Severe leg trauma – are engineers better than surgeons?
19 December 2011
Col Jon Clasper
Defence Professor Trauma & Orthopaedics
Visiting Professor in Bioengineering, Royal British Legion Centre for Blast Injury Studies, Imperial College London
Col Clasper provided an insight into how engineers and clinicians are combining their skills to develop new approaches to severe leg trauma.
This has been applied to injuries such as the calcaneus (heel bone), a common type of injury among military personnel who are exposed to blast injuries.
His work with Anthony Bull, Professor of Musculoskeletal Mechanics at Imperial College London, has involved the analysis of data on these injuries, particularly the long-term outcomes. Many patients with severe calcaneal fractures do not undergo amputation in the short-term but later elect to undergo this procedure due to long-term challenges to rehabilitation.
This has led to a reassessment of the way these injuries are treated on the battlefield and during initial treatment at hospital. Similar changes have taken place in the treatment of pelvic injuries, with new procedures for dressing open pelvic fractures to improve long-term outcomes.
The close collaboration of engineering colleagues has led to recommendations for changes to the design of military vehicles to ameliorate the effects of certain types of blast injuries to passengers.

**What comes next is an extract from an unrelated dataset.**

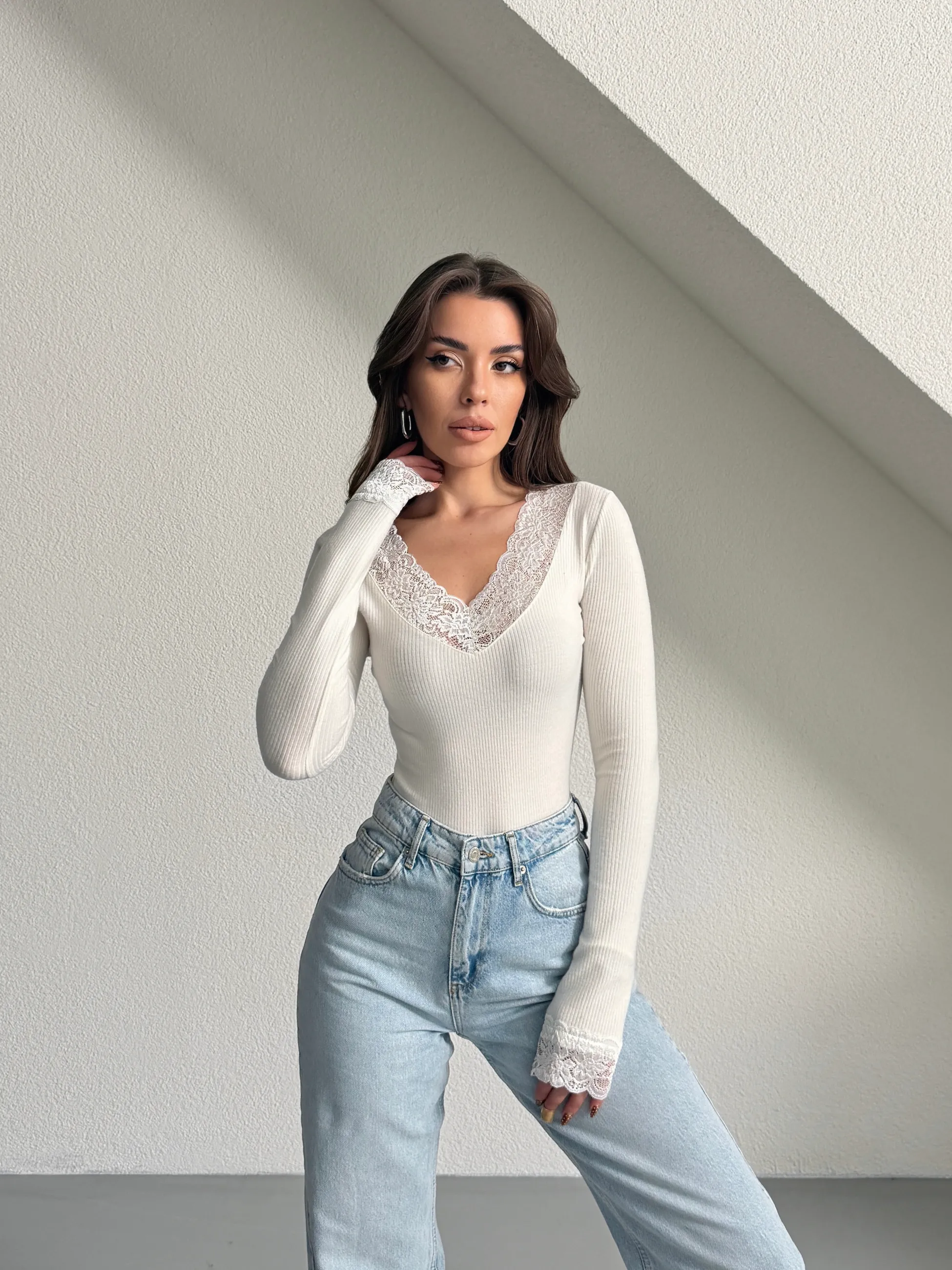 Yaka Ve Kol Dantel Bluz - Beyaz (MD4328_Beyaz)

This relates specifically to injuries sustained when foreign bodies are able to penetrate the body as a result of the blast; close analysis of clinical data has led to modifications of the vehicles to reduce the incidence of these injuries.
He praised the high quality of databases which are kept of the injuries and, in particular, the follow-up care each patient receives both within the military and through the NHS. This provides a wealth of information about long-term outcomes. This type of information is not readily available to nations such as the United States, which have many more military patients but do not have a unified civilian health system in which they can track all patients.